What to do: Set down the lines below, exactly, starting at the one that contains "Nella zona del" and stopping at the last line, inclusive. Omit pictures.

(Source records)
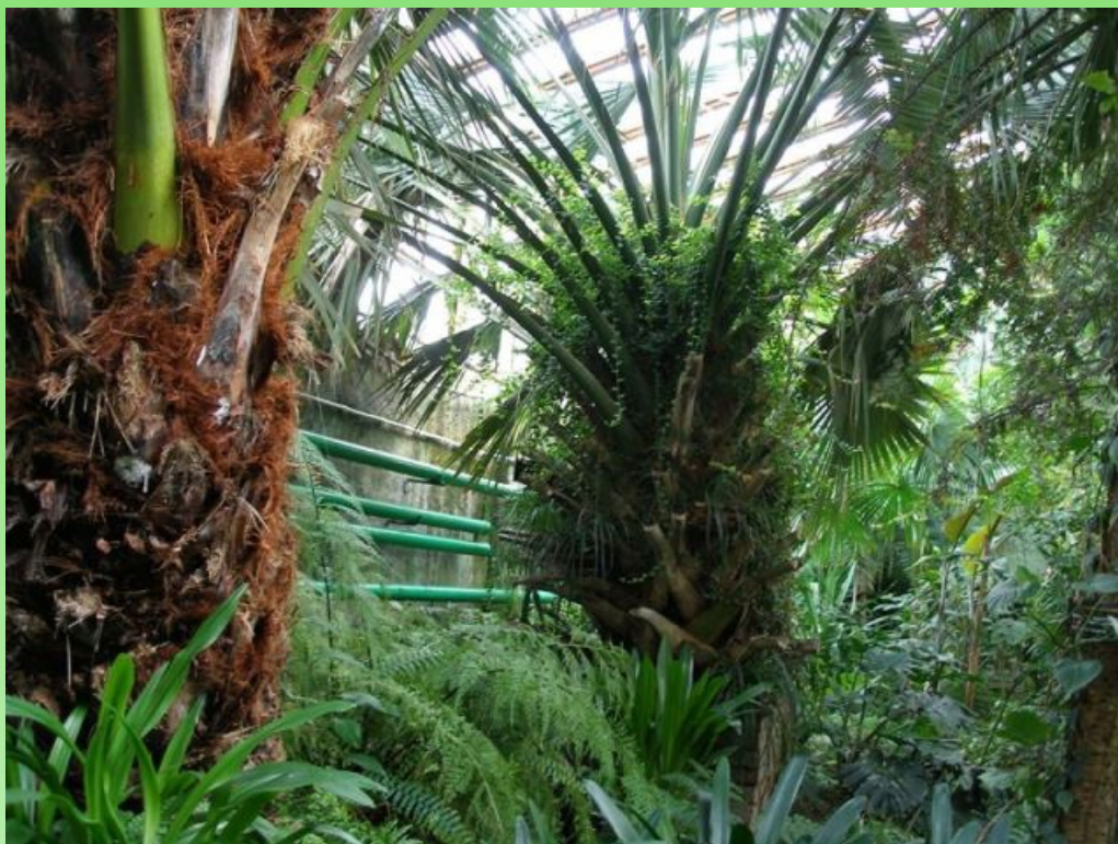
Рис. 10. Тропический зал, 2007 г.
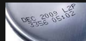
Impresión de Lote y Fecha
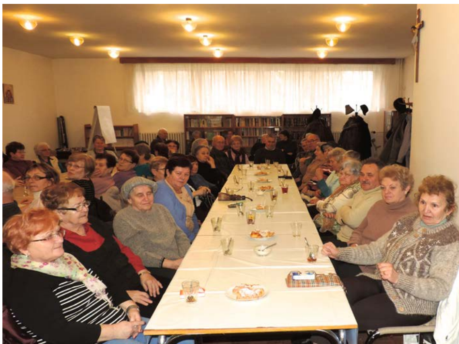
Prvá prednáška o bezpečnosti sa uskutočnila 19. februára na Farskom úrade aj vďaka spolupráci s príslušníkmi Policajného zboru a Klubom dôchdcov.
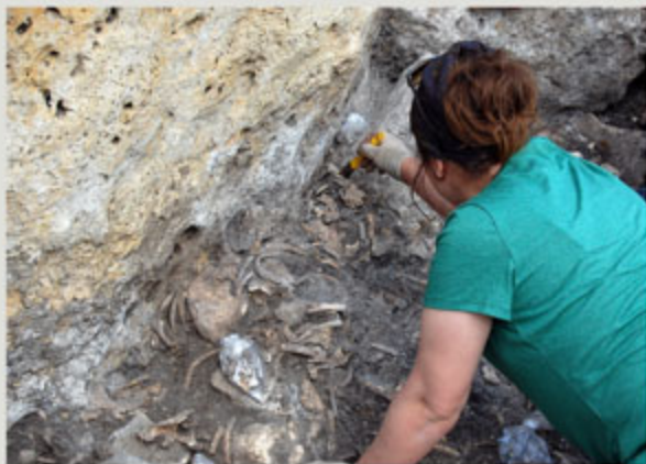
Proceso de excavación
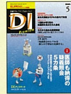
【医薬品・調剤・服薬の実務情報】 日経ドラッグインフォメーション 00年1月号～
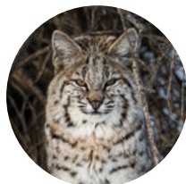
GOÛT MOINS DÉVELOPPÉ Lynx roux
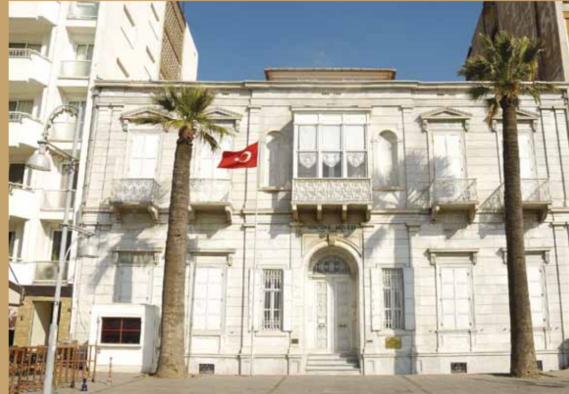
Atatürk Müzesi Atatürk Museum

Nella zona del porto, oggi leader sia in campo commerciale che crocieristico, si trovano la stazione ferroviaria di Alsancak Punta, non più utilizzata come tale, opera architettonica inglese e, di fronte, le case di stile inglese anticamente dimora dei direttori delle ferrovie britanniche, la Chiesa Protestante Anglicana ed il Consolato inglese. E poco oltre si incontra l'edificio che ospitava la compagnia del tabacco (Tütün Rejisi) ed il vecchio ospedale italiano Sant'Antonio, oggi sede della Scuola per il Turismo.
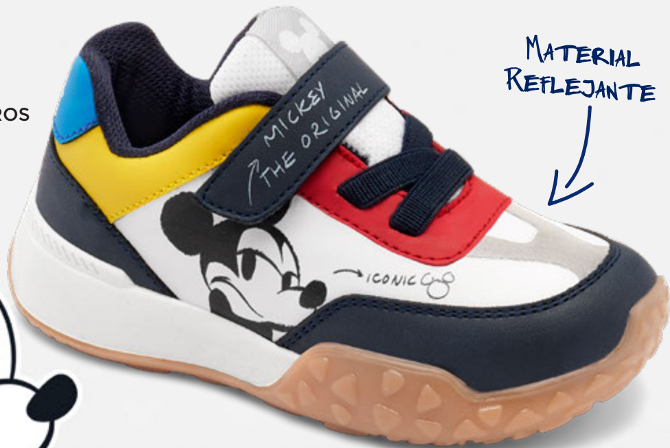
IDY900 BLANCO | 18-21 ENTEROS
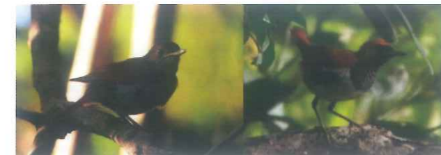
アカヒゲ幼鳥 2021.8.28 小瀬田 アカヒゲ若オス 2021.9.8 楠川

り、いつか出会えると信じてきた。そしてやっと、昨年5月にははっきりとしたさえずりを、8・9月には幼鳥の姿を確認できた。
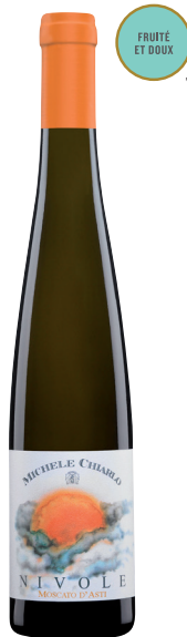
NIVOLE 375 ML MOSCATO D'ASTI (DOCG) 100 % Muscat

Written solution:
Nella zona del porto, oggi leader sia in campo commerciale che crocieristico, si trovano la stazione ferroviaria di Alsancak Punta, non più utilizzata come tale, opera architettonica inglese e, di fronte, le case di stile inglese anticamente dimora dei direttori delle ferrovie britanniche, la Chiesa Protestante Anglicana ed il Consolato inglese. E poco oltre si incontra l'edificio che ospitava la compagnia del tabacco (Tütün Rejisi) ed il vecchio ospedale italiano Sant'Antonio, oggi sede della Scuola per il Turismo.
IDY900 BLANCO | 18-21 ENTEROS
アカヒゲ幼鳥 2021.8.28 小瀬田 アカヒゲ若オス 2021.9.8 楠川

り、いつか出会えると信じてきた。そしてやっと、昨年5月にははっきりとしたさえずりを、8・9月には幼鳥の姿を確認できた。
NIVOLE 375 ML MOSCATO D'ASTI (DOCG) 100 % Muscat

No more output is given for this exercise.